The Saldosa Maloca restaurant



• Please click on the photos above or here to see all 38 photos of the Saldosa Maloca restaurant on the island of Combú.

Evelin shared her reflections: Look at its architecture: local material is being used, and the result is immensely beautiful, in contrast to the concrete blocks in Belém. I hear sceptics counter: ‘But, with these local materials you cannot build high rise buildings!’ I know this debate only too well from my time in Egypt, a country that was blessed with a genial architect, Hassan Fathy, who had re-introduced the pharaonic architecture with lime stone and mudbrick. Sanaa in Yemen shows that this kind of architecture can create buildings that have several floors. Yet, this architecture is not what we see being realised. What we see, instead, are investors seeking opportunities, they get a piece of land, and a building with more floors will render more profit than a building with less floors. The investor will hire an architect who has some prototypes in the drawer of his office, which he will then multiply, so as to deliver a mass produced building or a mass-produced composite of buildings, so ugly and impersonal that not the investor himself nor the architect would ever voluntarily want to live in them themselves.

After admiring the beautiful architecture, the organic herb garden, the biogas plant, and the lovely baskets for the separation of waste, please see also the small videos we made:

Please watch the short video with Flavia Saldosa Maloca restaurant on Combú island.

This is Aline Voos, a visitor to Combú island, who kindly took it upon her to explain Andiroba to Evelin Lindner. Please watch the short video.

Ubuçu is a very common palm in the Brazilian Amazon being found on the banks of the floodplains mainly in the states of Amazonas, Pará, and Amapá. The stem of this palm reaches 3 to 5 meters high and 3 centimeters thick. The leaves reach 5 to 7 meters in length and they stay in the stem after they dry. People living along the river use its leaves to cover houses to protect them from the rain and the sun. The tough, flexible natural vegetable fibers that surround the fruits of the palm tree are what is called Tururi. These fibers are widely used in the making of crafts and fashion utilities. Before use, the fiber undergoes a softening process by washing in running water to remove impurities. Its natural colour is dark brown. See the Tururi that Evelin bought on the left side and a short video showing the palm tree and the leaves on the right side.

Please watch the short video, where Evelin Lindner tries to express her sadness about the fact that others strive to destroy these riches so that a few can increase their profit margin. Evelin is almost afraid to show this paradisiac place to the world in this video, because not only flames can destroy a place, mass tourism has turned out to be destructive, too.
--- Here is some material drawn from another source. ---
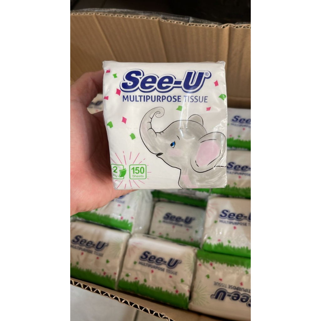 Tissue SEE-U Pop Up Gajah / Tissue Multipurpose / Tisu Meja Makan / Tissue Kecil 150 Sheet 2ply - Harga : per pack - Isi per pack : 150 sheets x 1 ply - Ukuran pack : 9x10x7 cm Tisu Praktis bisa Serba Guna, Tisu EMBOS (tidak mudah lengket)

The 'Street River' graffiti project


• Please click on the photos above or here to see all 10 photos of the 'Street River' graffiti project on the island of Combú.

Please watch this short video, where Vitor Nascimento explains the 'Street River' graffiti project, the first open-air art gallery within the Amazon. The 'Street River' project is a non-profit project that uses art as a transformation tool in a practical ways. It invited 10 artists from all over Brasil to portray riverside life in the Amazonian region together with the people living there and they recorded this in a documentary. See 'Arte & Design: A 1ª galeria de arte a céu aberto da Amazônia', Evandro Pimentel, Red Bull, 19 Julho 2017.

 

Day Eleven, 7th September 2019

Kamolrat Intaratat explained her work

• Please click on the photo or here to see the video where Kamolrat Intaratat explains her work with the Research Center of Communication and Development Knowledge Management. Our dear Kjell Skyllstad brought Kamolrat Intaratat to us. She travelled for 42 hours, together with her colleagues Piyachat, all the way from Bangkok to the Amazon. Kamolrat is the director and founder of the Research Center of Communication and Development Knowledge Management (CCDKM) at the Sukhothai Thammathirat Open University (STOU) in Nonthaburi, in the northern outskirts of Bangkok in Thailand. She is also the Chair of the Communication Arts for ASEAN International Program (Master Degree Program).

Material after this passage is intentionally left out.